I work in a small team of 5 developers. We are trying to figure out how to keep our development branch as clean and less polluted as possible. Until now, we have been doing this flow:

  1. Finish feature (squash all the commits)
  2. Checkout to develop branch
  3. Pull develop from origin
  4. Merge feature branch into development (With conflict resolve if any)
  5. Push changes onto origin/develop

The problem is that this usualy cause to create a new "merge...onto dev" commit, and create the diamond shape which is kinda confusing, even with only 5 developers.

Is there any better flow, maybe using rebase, to keep the develop branch cleaner and as straight as possible ?

Best regards


Solution

  • TL;DR :

    • merge : when you get back a feature branch on a shared branch
    • rebase : only for maintenance on local/development branches (git pull --rebase or git rebase)
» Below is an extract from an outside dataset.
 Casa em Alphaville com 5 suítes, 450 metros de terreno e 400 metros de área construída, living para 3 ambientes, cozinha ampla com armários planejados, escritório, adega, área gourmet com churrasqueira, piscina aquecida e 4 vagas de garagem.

    So to get into details.

    When I passed from svn to git, I was shocked by the graph log complexity, it seemed awful to read after using the flat svn history during years. But graph is an integral part of git and the complexity in the log came with.
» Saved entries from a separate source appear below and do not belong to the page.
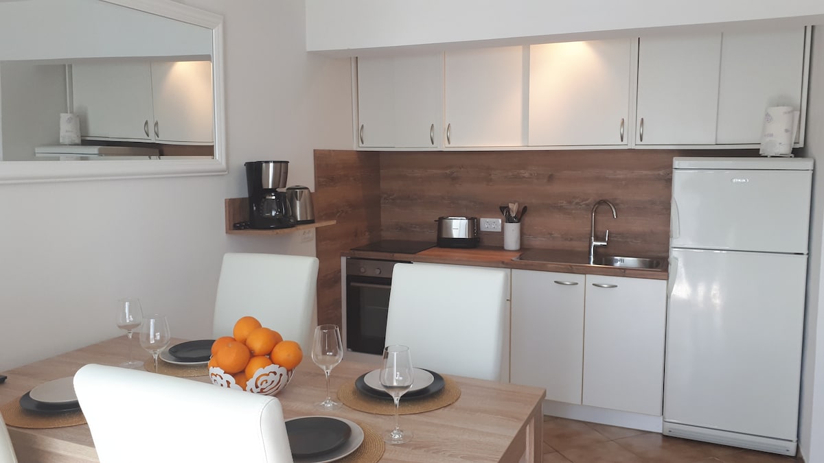 Comfy and a bright space with a two balconies with a beautiful view. One balcony is oriented to the city port and other one to the sea and island Brac. The apartment is placed in the quiet part of Jelsa, but really close to the city centre. Big sand beach is just 5 minutes walk from the apartment. You can also swim literally in the front of the apartment, on the small dock. Market is 5 minutes walk, same as the main square.
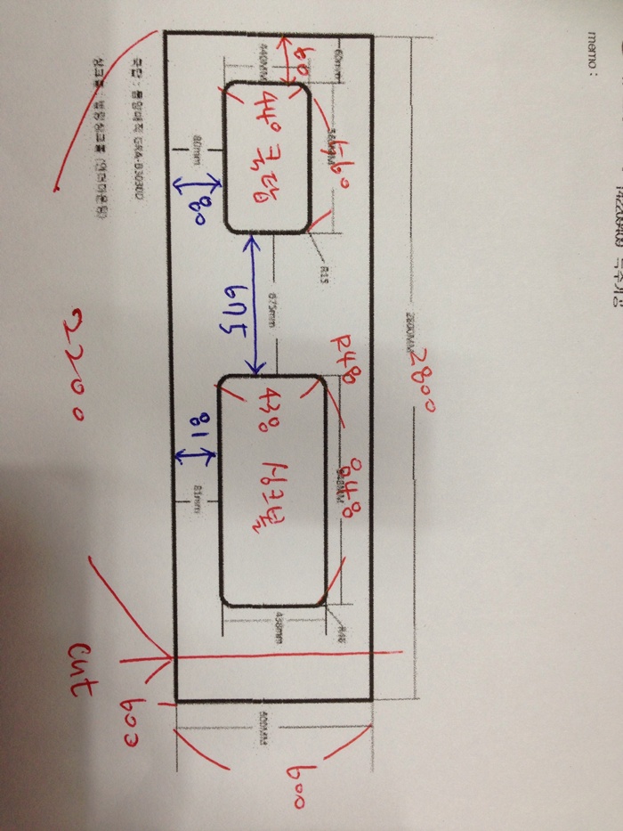 싱크대상판 원목(특수목) 36mm(뒷턱포함,싱크볼 별매)(기타볼(도면))(자작나무) (2800*36*600)(1개) 289,100원
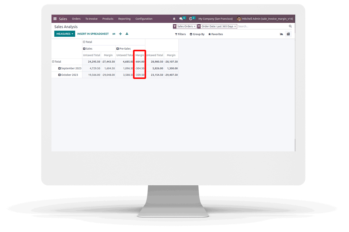 Sales Invoice Margin Analysis in Odoo.

    To answer your question, I think you need to continue the merging of your feature branches on develop cause it brings sense to your history:

    • you can see when the branch diverge
    • you can see which commits were concerned by the feature
    • you can see when the feature was merged back into the common pool

    Concerning the rebase you absolutely have to avoid doing it on public/shared branches. Cause it's often rewriting your history, the risk of losing information is high and your distant repository will quickly be out of sync with your mate's repositories. If you need to do a git push --force on a shared branch, you are in a danger area.

    I could preconise you to do rebase only to update your local branch with the distant repository. If you don't, updates will indeed create useless merge commits that will make your history dirty.
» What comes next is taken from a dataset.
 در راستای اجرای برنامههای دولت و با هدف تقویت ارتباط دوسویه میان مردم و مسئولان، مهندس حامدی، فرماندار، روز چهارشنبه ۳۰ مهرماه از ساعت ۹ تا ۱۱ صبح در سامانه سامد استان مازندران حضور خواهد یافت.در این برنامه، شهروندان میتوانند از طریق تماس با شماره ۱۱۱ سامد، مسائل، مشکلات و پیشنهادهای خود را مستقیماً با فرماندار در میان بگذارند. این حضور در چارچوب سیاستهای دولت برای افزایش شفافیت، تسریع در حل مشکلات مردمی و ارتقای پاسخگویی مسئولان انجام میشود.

    So, update your branches only with git pull --rebase and get your feature back with a old classical git merge.

    An updated flow will be :

    1. Finish feature (squash all the commits if needed)
    2. Update feature branch with a git pull --rebase (with conflict resolution if any)
    3. Checkout to develop branch
    4. Pull develop from the origin (with a git pull --rebase for updating purpose)
    5. Merge feature branch into development (with conflict resolution if any)
    6. Push changes onto origin/develop

    With some practice, you will get more comfortable with the "diamond shape".

    I personally use a gup alias which is git pull --rebase to force me to use rebase on every update I do.

    Hope it helps.

    Julien.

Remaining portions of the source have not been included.